Разрабатывая принципы "реализма, доходящего до фантастического", Достоевский, вообще говоря, не ставил своей целью создание нового направления. "Я ужасно боюсь "направления", если оно овладевает молодым художником, особенно при начале его поприща; и как вы думаете, чего именно тут боюсь: а вот именно того, что цель-то направления не достигается…" (Ф. М. Достоевский, "Дневник писателя 1873". Собр. соч. в 15-ти тт. С.-Пб.: "Наука", 1986-1996. Т. 12, с. 86. В дальнейшем все ссылки на произведения Ф. М. Достоевского, кроме особо оговоренных случаев, даются по этому изданию). По мысли Достоевского и сам принцип, и метод "фантастического реализма" исполняют сугубо служебную роль, помогают раздвинуть границы подлинно реалистического искусства, обогатить и обновить, придать должную "стереоскопичность" восприятию первой действительности. Он определял свою художественную систему как "реализм в высшем смысле" (Л.Гроссман, "Достоевский", М.: МГ, 1962, с.515). Сама мысль о том, что действительность по содержащимся в ней смыслам, возможностям и "парадоксам" превосходит всякое писательское воображение, неоднократно декларировалась в письмах, в критических и художественных произведениях Достоевского (например, в "Идиоте", в "Бесах", в "Дневнике писателя").

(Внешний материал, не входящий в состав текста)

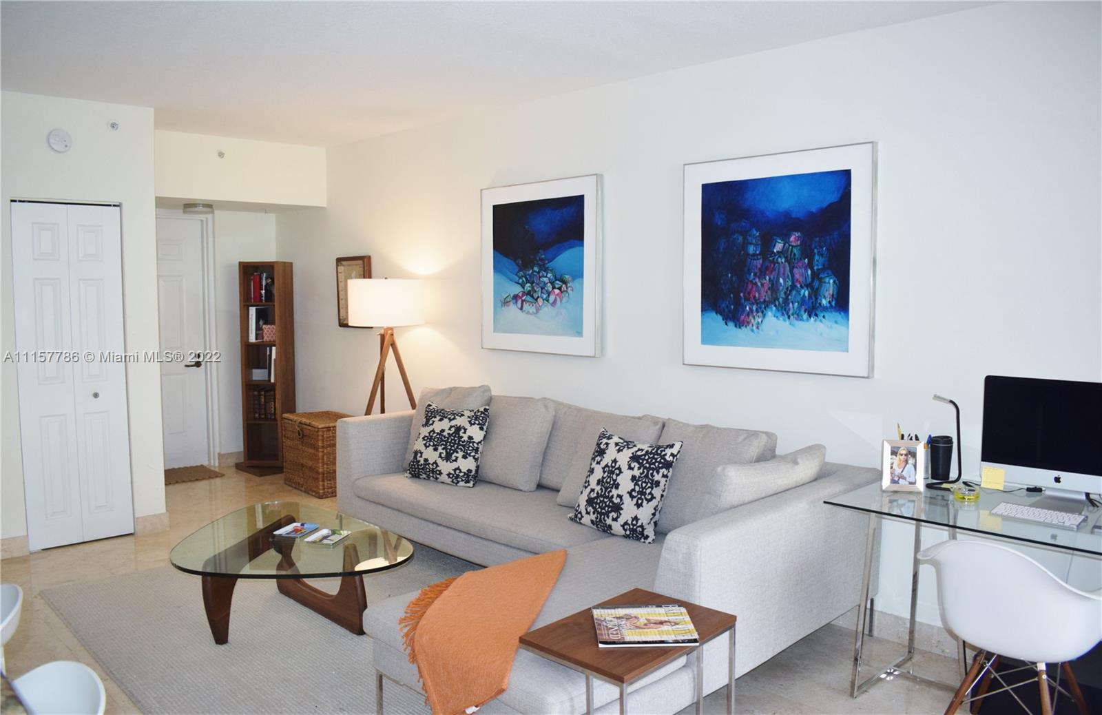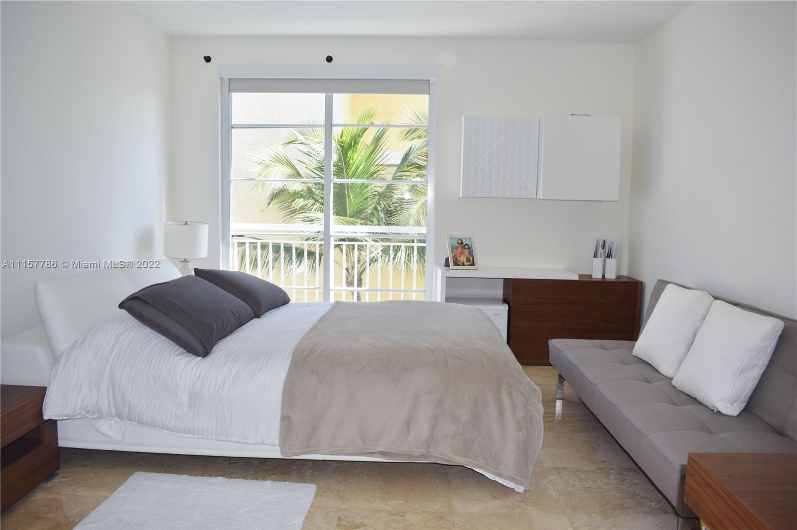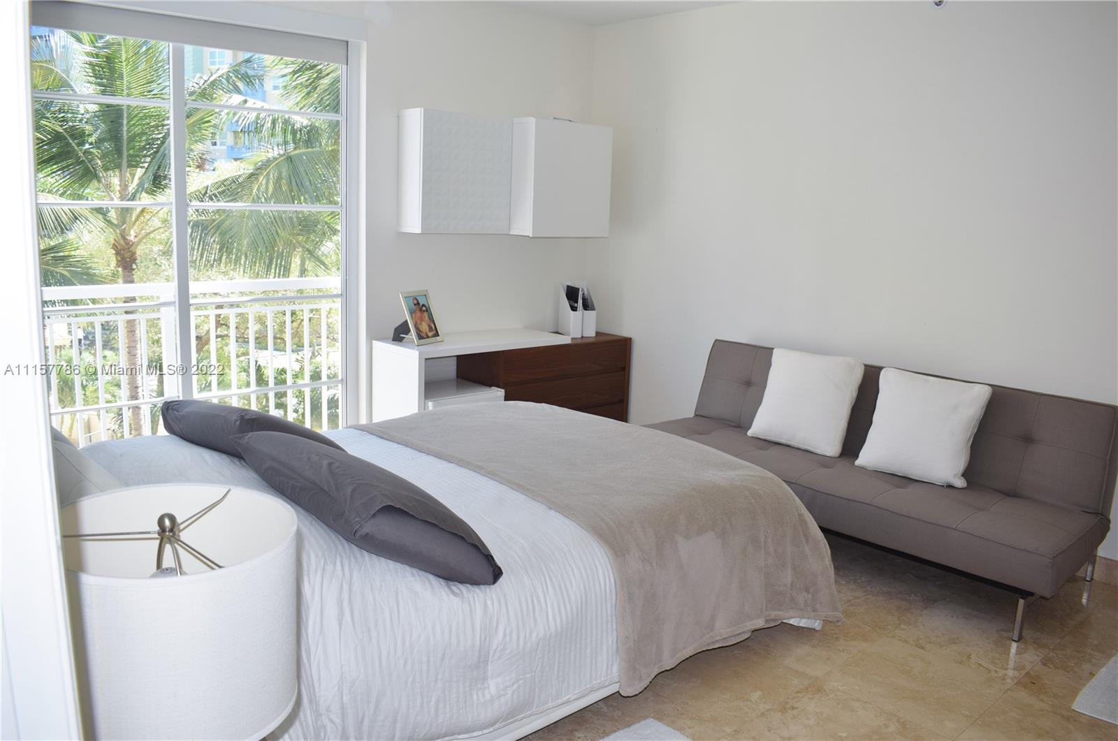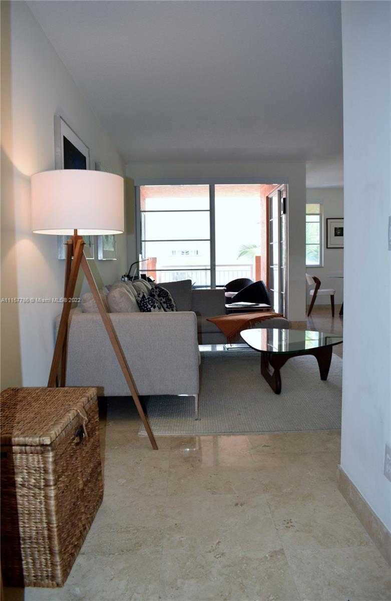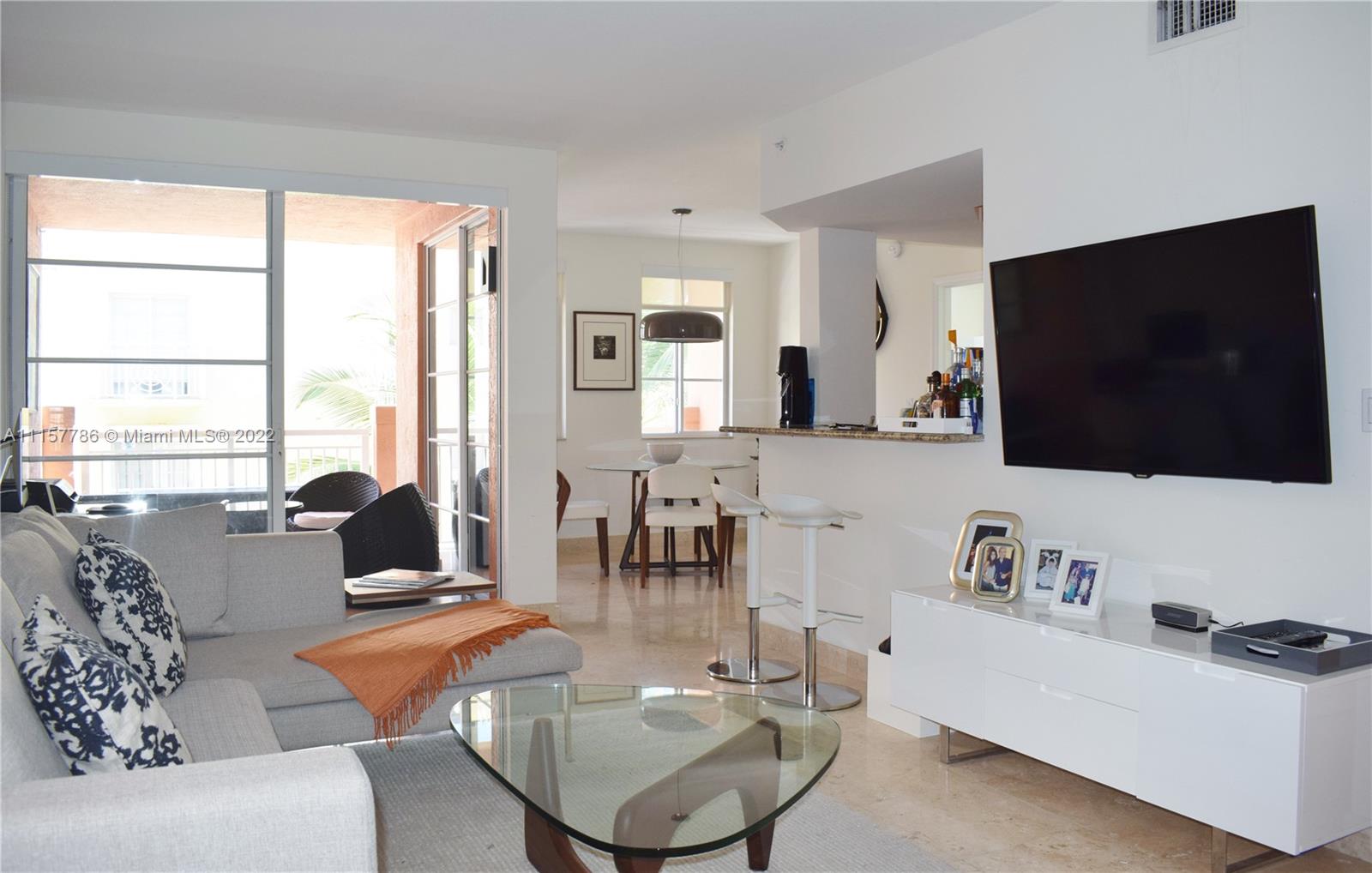 Enjoy the peaceful environment of this Mediterranean-style comm while living in the heart of the trendy South of Fifth neighborhood. This apartment is a 2 bedroom - 2 baths unit with views of the courtyard & city & boasts a gourmet kitchen, large terrace that's an extension of the living room, separate dining area, luxury bathrooms & beautiful marble floors that add elegance & style. The unit has 2 covered parking spaces. The community has 24 hr security, a fully equipped gym, a luxury, heated pool & is pet-friendly for owners & tenants.
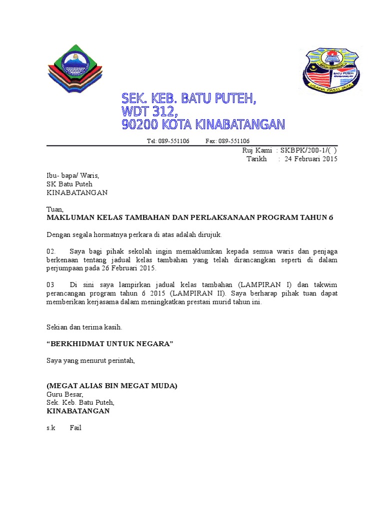 Contoh Surat Makluman Kelas Tambahan

В "Дневнике писателя" на 1876 год (март, глава вторая) находим такую запись:
"Всегда говорят, что действительность скучна, однообразна; чтобы развлечь себя, прибегают к искусству, к фантазии, читают романы. Для меня, напротив: что может быть фантастичнее и неожиданнее действительности? Что может быть даже невероятнее иногда действительности? Никогда романисту не представить таких невозможностей, как те, которые действительность представляет нам каждый день тысячами, в виде самых обыкновенных вещей. Иного даже вовсе и не выдумать никакой фантазии. И какое преимущество над романом!.." (Т. 13, с. 104)

Разумеется, здесь дело не обходится без лукавства, без чисто писательского кокетства: ведь раз уж пишешь, следовательно, есть-таки и некое "преимущество" романа, осмысливающего ту самую действительность, перед которой нас призывают преклониться...

В ответ на попытки переложить "действительность" на бумагу чисто механически, предпринятые первоначально натуральной школой, а затем разночинцами-"шестидесятниками", крупнейшие мастера конца XIX века - Достоевский и Лев Толстой стремились выработать свой особый подход к изображению всей полноты реальности, отыскать средства, адекватные по широте охвата всех смыслов, ощущений, переживаний, эмоционально-психологических "парадоксов" и рождающихся непрерывно в душе человеческой "идей".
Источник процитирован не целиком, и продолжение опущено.